Wind Mobile is calling on regulators to cut the rates large wireless players charge smaller rivals for roaming services, arguing that while Ottawa has capped some rates the charges are still too high.
Currently these rates are "far higher than what is just and reasonable, and certainly above the level that will support vigorous and effective competition in the interests of consumers," Simon Lockie, Wind's chief regulatory officer, told a Canadian Radio-television and Telecommunications Commission (CRTC) hearing on Monday.
The commission is examining the wholesale market, or what wireless providers charge competitors when their customers roam outside of their home networks. These rates are crucial for players with smaller networks such as Wind Mobile. The carrier, which has 770,000 customers, operates primarily in urban centres in Ontario, British Columbia and Alberta, but subscribers expect to be able to use their mobile devices wherever they go in Canada.
The federal government introduced temporary limits on wholesale roaming rates in June, capping them at no more than what carriers charge customers at the retail level.

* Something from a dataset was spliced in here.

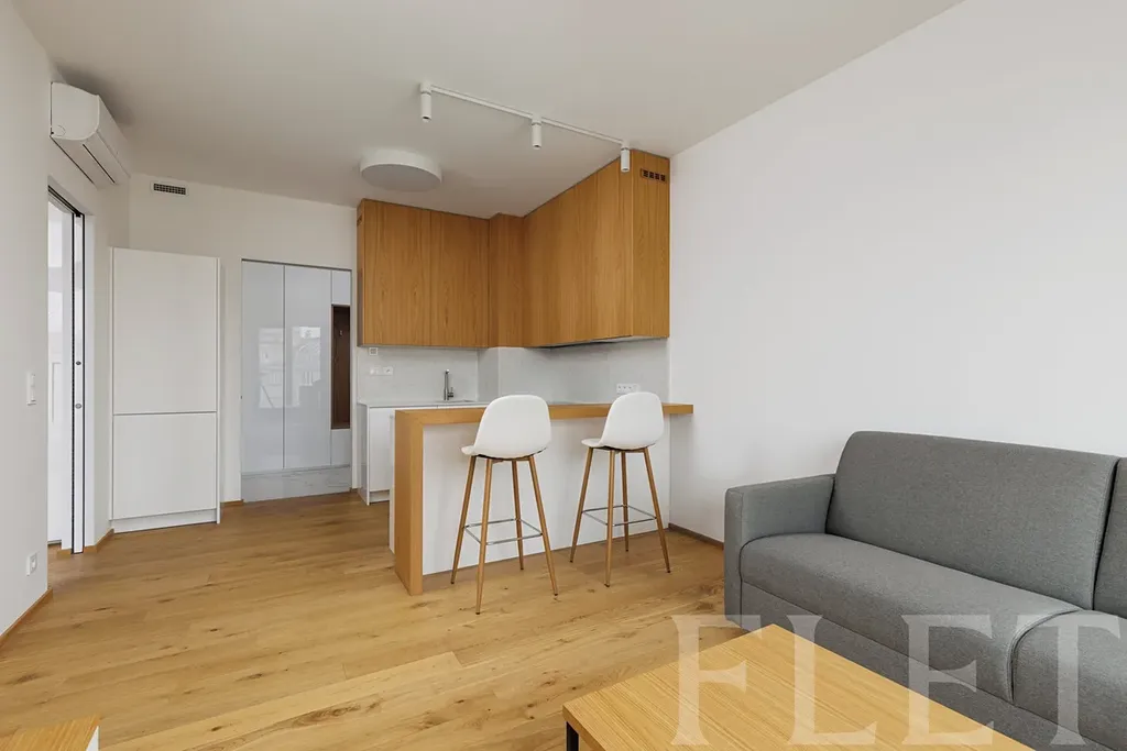 Bydlení zde není jen o prostoru, ale o zážitku. Byt je navržen s důrazem na detail a kvalitní materiály – dřevěné podlahy, francouzská okna s trojskly, klimatizace, rekuperace vzduchu, vestavěný nábytek na míru, elegantní koupelna s pračkou se sušičkou a toaletou s bidetovou sprchou. Vzdušný obývací prostor s plně vybaveným kuchyňským koutem zve k odpočinku i vaření, ložnice poskytuje klid a soukromí. Nechybí lodžie s výhledem do tichého vnitrobloku – ideální místo pro ranní kávu nebo večerní sklenku vína.

Wind executives said Monday that these caps made a difference – the company reduced its roaming rates significantly in August, cutting the price for data to five cents a megabyte, down from $1. But they argued that wholesale caps tied to the retail rates charged by the incumbent players Rogers Communications Inc., BCE Inc. and Telus Corp. still "need to be substantially lower." (BCE owns 15 per cent of The Globe and Mail.)
Executives from fellow new entrant Mobilicity, which is under creditor protection, said on Monday that had the caps been in place when it launched, it would have saved "millions and millions and millions of dollars and been in a much healthier position." Mobilicity is also asking the CRTC to set lower rates.
Although the focus of the hearing is on the wholesale market, Peter Menzies, vice-chair of telecommunications at the CRTC, pushed executives from Wind to address apparent signs of healthy competition at the retail level.
Mr. Menzies noted that Wind has actually won more customers in recent quarters than Rogers and pointed to evidence that the annual overall "churn rate," or rate of customer turnover, in recent years has been about 20 per cent.
Mr. Lockie attributed some of Wind's subscriber wins to "pent-up dissatisfaction with the incumbents."
"People are looking for an alternative to them and that is something we've benefited from," he said.
Mr. Menzies also noted that the Big Three spend significant amounts on marketing to fight for subscribers, running hundreds of print advertisements and dozens of television and radio spots last year.
"Banging garbage can lids together and buying ad space and comparing networks and so on – that's all well and good. … but when you look at the pricing, [the incumbents] are virtually indistinguishable," Mr. Lockie responded. "I think if they really were rivalrous, what they would do is compete on price and that's something you don't see."
Earlier in the day, representatives from the Competition Bureau urged the CRTC to implement regulatory measures to curb the incumbent players' ability to raise the rates they charge competitors for wholesale services.
The bureau filed an expert report with the commission arguing that the Big Three are making "above-normal returns on their investments, consistent with the exercise of market power."
Montreal-based cable and Internet provider Cogeco Cable Inc. also appeared at the hearing to argue in favour of regulations to support a mobile virtual network operator or "MVNO" model.